California ISO officials told the Utah Public Service Commission on the record that the Western Energy Imbalance Market (WEIM) has produced multibillion‑dollar economic benefits and that the ISO is on track to launch its Extended Day‑Ahead Market (EDAM) with Pacific‑core participants in May 2026.
“We facilitate market trades, but we do not act as a market participant,” said Anna McKenna, vice president of market design analysis for the California ISO, describing the ISO’s role as neutral operator of the grid and markets.
The briefing covered three operational items that the ISO said drive WEIM benefits: a large, geographically diverse pool of resources that reduces production costs; real‑time optimization every 15 and 5 minutes that helps manage changing weather and renewables; and procedures that test participant readiness so the market produces feasible dispatches. Anna McKenna said WEIM has produced more than $7 billion in estimated economic benefits since 2014 and cited improved reliability and lower emissions as additional outcomes.

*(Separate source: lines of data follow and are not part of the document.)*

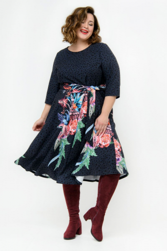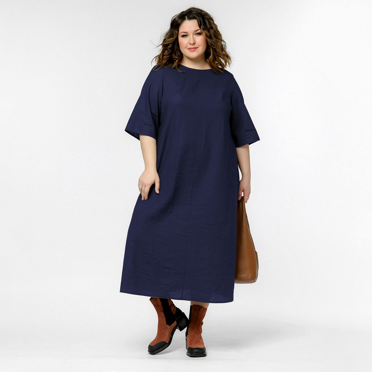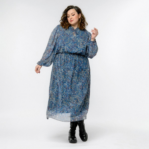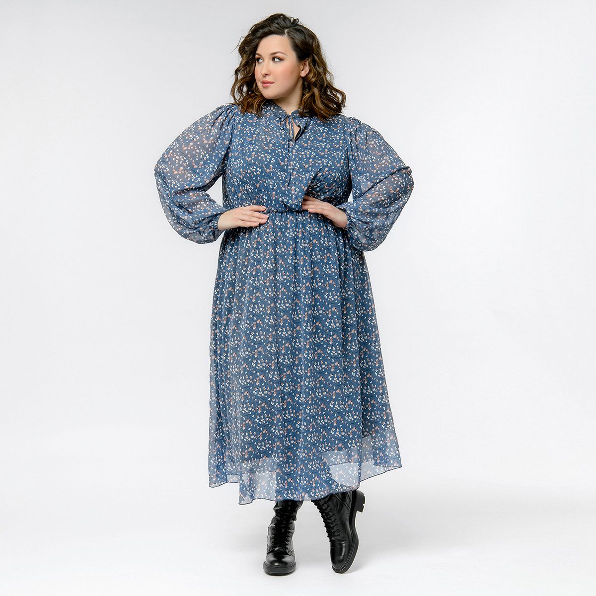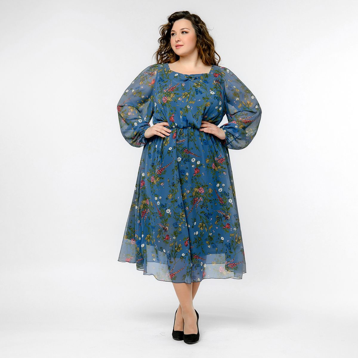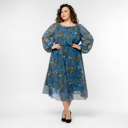 Платье А-силуэта, миди, шифон, принт темно-синий
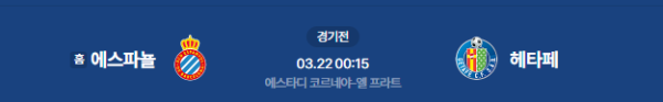 경기 예정 시간: 2026년 3월 22일 00:15 (KST) / 장소: 에스타디 코르네야-엘 프라트
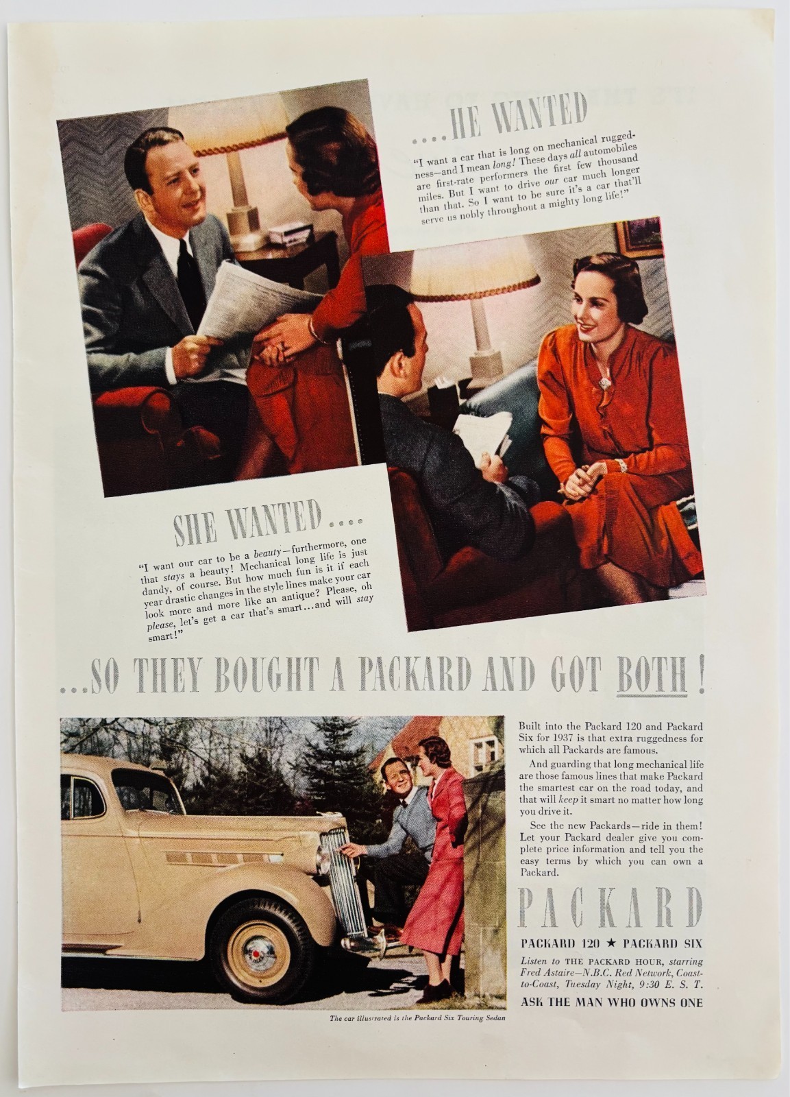 1937 Packard 120 And Six Advertisement Automobilia He Wanted She Wanted E90G3
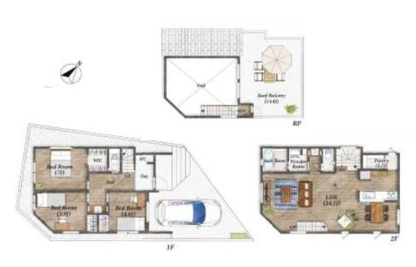 | 土地面積 | 99.39m²(30.07坪) | 建物面積 | 105.72m²(31.98坪) |
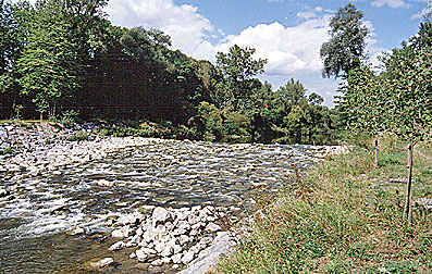 Immer wieder regulieren künstlich angelegte Wassertreppen die Strömungsgeschwindigkeit der Argen.
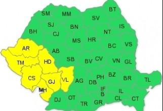 Cod galben de ploi torenţiale şi grindină în şapte judeţe
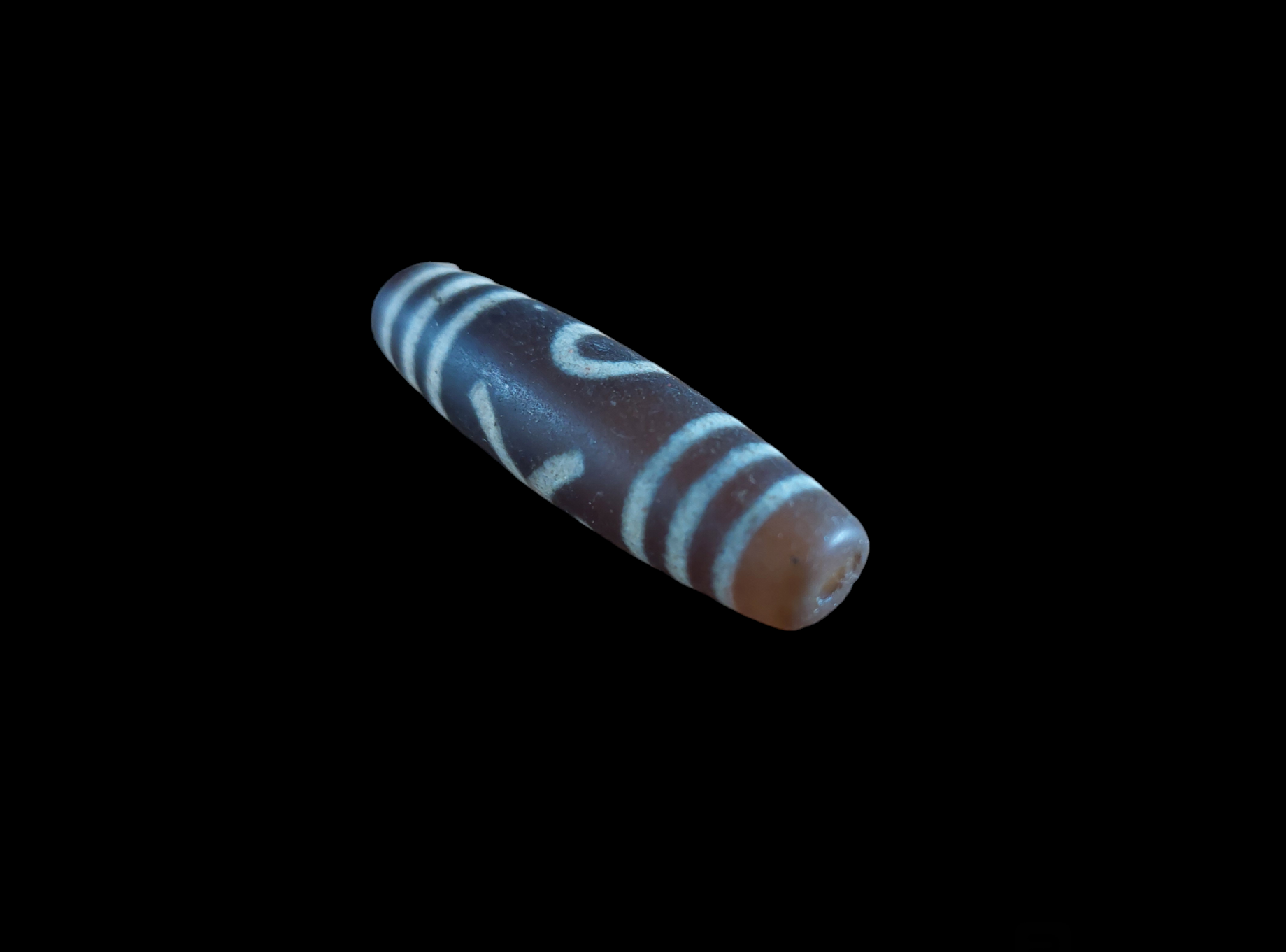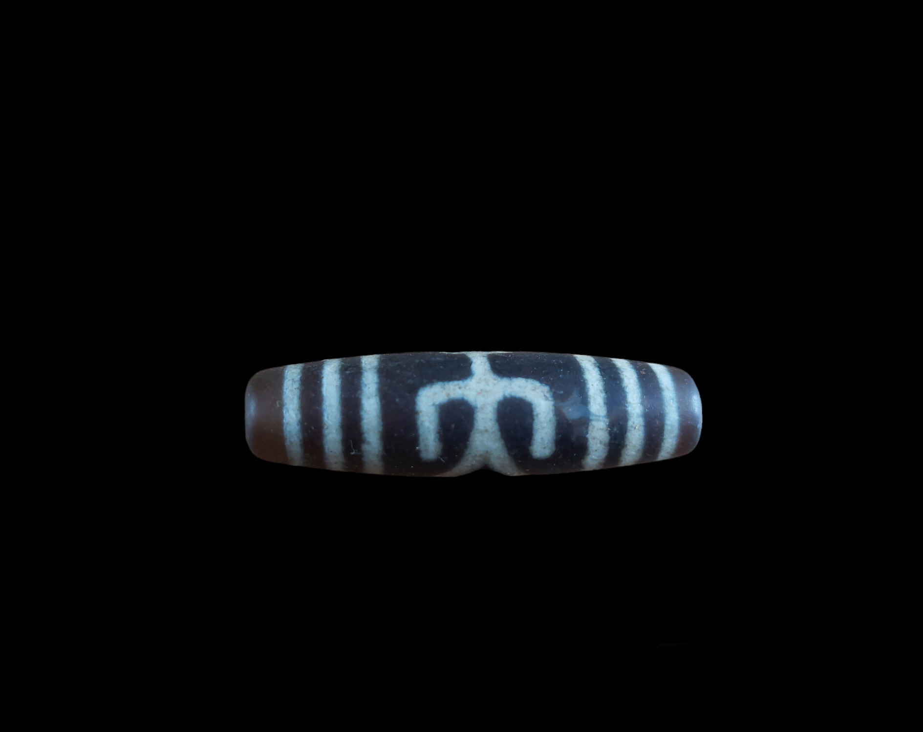 This dzi bead features a depiction of a large man, sometimes resembling a man with a head at both ends. In Mandarin language, the image is called ‘da ren’ which translates as ‘big person’, with ‘big’ in the meaning of greatness, importance, high ranking. This leads to the other name of this bead; the Aristocrat.

Anya Gilbert, lead policy developer at the ISO, and Milos Kosanec, regional market sector manager, described EDAM as a voluntary day‑ahead market that would extend least‑cost, portfolio‑level optimization across a larger Western footprint. The ISO’s planned EDAM functions include an integrated forward market (financial clearing), a residual unit commitment that ensures reliability if the market alone does not produce feasible schedules, and separate pricing for uncertainty. The ISO confirmed Pacific‑core entities are the initial set for EDAM go‑live in May 2026 and listed other expected implementation dates for later participants.
The ISO explained procedures intended to limit operational risk if an entity cannot show sufficient forward resources. The day‑ahead “resource efficiency evaluation” tests whether each participant can meet its forecasted load and uncertainty; ISO staff said the test is run before day‑ahead clearing and uses a high percentile forecast to capture uncertainty. If an entity fails, staff said there is a tiered set of consequences, opportunities to “cure” the deficiency, and a fallback to real‑time WEIM testing if the problem persists.
The ISO also described the assistance energy transfer product that lets entities opt in to pay a defined surcharge when they exceed prior transfer levels during tight conditions. Holly Taylor of the ISO said the surcharge is calculated after market clearing and is tied to a cap price (roughly in the thousands of dollars per unit in the emergency pricing example the ISO described); entities opt in by day for standard use and the product has been used by roughly 10–11 balancing areas at times.
Utah Division of Public Utilities staff asked about detailed benefit calculations and the ISO said it publishes a methodology and quarterly reports and performs counterfactual analysis comparing market outcomes to a no‑market base schedule case. The ISO agreed to provide links and quarterly detail to commission staff.
The ISO asked stakeholders to weigh operational and design choices as EDAM is implemented and said it will continue stakeholder engagement and monitor effects after go‑live. Officials invited regulators and staff to follow‑up technical workshops and training sessions planned before implementation.
The ISO’s presenters at the briefing were Anna McKenna (California ISO, vice president, market design analysis), Anya Gilbert (California ISO, lead policy developer), Milos Kosanec (California ISO, regional market sector manager), Holly Taylor (California ISO), and Stacy Crowley (California ISO, vice president of external affairs). Utah participants included staff from the Utah Division of Public Utilities and commissioners of the Utah Public Service Commission.